The European Commission fined last week German carmakers Volkswagen and BMW a total of 875 million euro (US$1.03 billion) for conspiring to limit the use of emissions-cleaning technology the two companies had developed.
Daimler, BMW and Volkswagen group (Volkswagen, Audi and Porsche) breached EU antitrust rules by colluding on technical development in the area of nitrogen oxide cleaning,” according to the Commission’s statement.The Commission “has found that
“The five car manufacturers — Daimler, BMW, Volkswagen (VW), Audi and Porsche — possessed the technology to reduce harmful emissions beyond what was legally required under EU emission standards. But they avoided to compete on using this technology’s full potential to clean better than what is required by law,” Executive Vice-President of the Commission in charge of competition policy, Margrethe Vestager, said.
She emphasized that competition and innovation in automobile pollution management are critical for Europe to fulfill its ambitious Green Deal goals — a set of the European Commission policy initiatives with the overarching aim of making Europe climate neutral in 2050.
“This decision shows that we will not hesitate to take action against all forms of cartel conduct putting in jeopardy this goal,” Vestager said.
The Volkswagen group will settle the case by paying 502 million euro ($593.25 million), while BMW will pay a fine of 373 million euro ($440.8 million). Daimler has not been fined, as it blew the whistle and “revealed the existence of the cartel to the Commission.”

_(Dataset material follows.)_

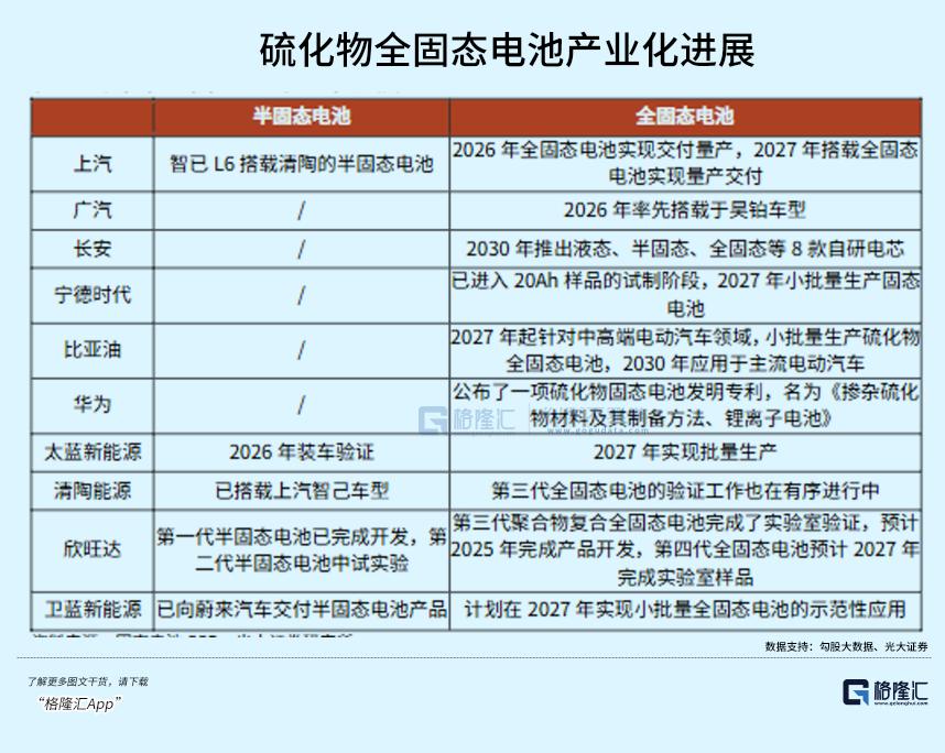 2月15日,在第二届中国全固态电池创新发展高峰论坛上,比亚迪锂电池有限公司CTO 孙华军表示,比亚迪将在2027年左右启动全固态电池批量示范装车应用,2030年后实现大规模上车。此前,广汽、长安也宣布进展,2026年装车后逐步推进量产。

The German carmakers had frequent scientific meetings to explore the advancement of selective catalytic reduction (SCR) technology, which removes hazardous nitrogen oxide (NOx) emissions from diesel passenger cars by injecting urea (commonly known as ‘AdBlue’) into the exhaust gas stream.
During those meetings, from June 2009 to October 2014, the three car manufacturers conspired to avoid competition on cleaning better than what is needed by law, despite the availability of necessary technology, according to the European Commission.
It explained that Daimler, BMW, and Volkswagen Group achieved an agreement on AdBlue tank sizes and ranges, as well as an agreement on the average anticipated AdBlue usage.
“They also exchanged commercially sensitive information on these elements. Theythereby removed the uncertainty about their future market conduct concerning NOx-emissions cleaning beyond and above the legal requirements (so called “over-fulfilment”) and AdBlue-refill ranges,” read the statement.
This is how the companies limited competition on product attributes that were important to customers.
While BMW stated that the “European Commission has once again confirmed that the investigation concluded with this settlement solely concerned possible infringements of competition law… and that there is no indication of collusion between the parties relating to the use of prohibited defeat devices to manipulate exhaust gas tests,” Volkswagen officials believe that the penalty imposed for technical discussions regarding emissions technologies with other automakers establishes a dubious precedent.
“The Commission is entering new judicial territory, because it is treating technical cooperation for the first time as an antitrust violation,” VW representatives said, according to Reuters.
The German manufacturer said the European Commission is imposing sanctions although the substance of the discussions was never implemented and no customers were harmed as a result.
“The high fines imposed in this case underscore the need for more comprehensive guidance from the Commission to ensure that legal uncertainty does not hamper innovation in Europe,” VW concluded.